Lastly, defendant argues that the court erroneously instructed the jury as to the purpose for which evidence of the similar offenses was admissible. The instruction, generally speaking, follows the language of CALJIC Instruction No. 33, page 54 et seq. Defendant's attack upon the instruction, as given, is that it told the jury that evidence of similar offenses was offered for the purpose of showing that the defendant committed crimes other than the one of which he is accused, and was not limited to the purpose of showing a plan and scheme. A fair reading of the instruction, when considered as a whole, and reasonably interpreted, shows that the court did instruct the jury that such evidence was received "not to prove distinct offenses or continual criminality," but for the "limited purpose only" of showing the identity of the accused, the intent to commit the act charged, or whether it tended to prove the existence of a plan, scheme or system used by defendant and another, or others, to burglarize the offices of motels. [6] An instruction so limiting the application of such evidence was orally given by the trial judge at the time the evidence was admitted. No further cautionary instruction was requested by defendant in this respect and he may not now be heard to complain for the first time on appeal. (People v. Warren, 16 Cal. 2d 103, 116 [104 P.2d 1024]; People v. Zimmerman, 11 Cal. App. 115 [104 P. 590]; People v. Richards, 74 Cal. App. 2d 279, 291 [168 P.2d 435]; People v. Willard, 92 Cal. 482 [28 P. 585], and cases heretofore cited on the subject. See also 8 Cal.Jur., p. 60, § 168; 8 Cal.Jur., pp. 65-66, § 170.)

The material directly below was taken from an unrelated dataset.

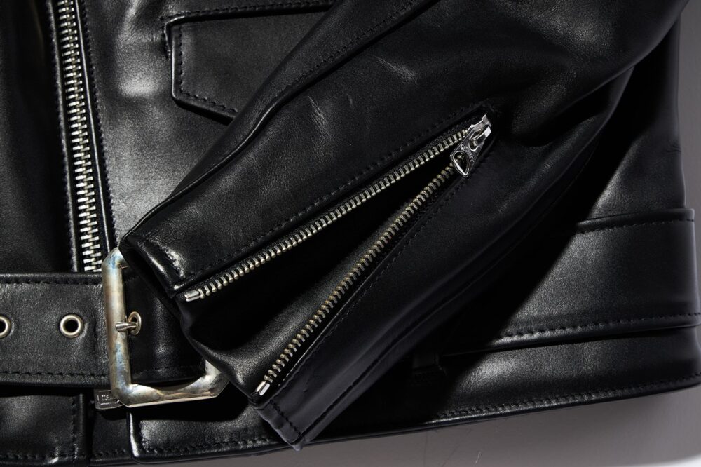 ワンスターの中でも人気の613UST をベースに、艶やかなホースハイドで作り上げたレザーラバー垂涎のモデル。最初は手強いが、着ていくうちに体に馴染み、ステアとは異なるエイジングを見せてくれる。14万3000円

Certain general instructions offered by defendant were properly refused as covered by other general instructions given. No prejudicial error appears in this respect.

The same questions here presented were presented to the trial court on a motion for new trial, and were considered by it, together with the evidence produced. It is apparent that it felt that grounds for a new trial were not indicated. The record supports this conclusion. [7] In passing on a motion for new trial the judge has very broad discretion [123 Cal. App. 2d 925] and is not bound by conflicts in evidence. Reviewing courts are reluctant to interfere with the decision of the trial court in denying or granting such a motion unless there is a clear showing of an abuse of discretion. (People v. Robarge, 41 Cal. 2d 628 [262 P.2d 14].)

Judgment and order affirmed.

Barnard, P. J., and Mussell, J., concurred.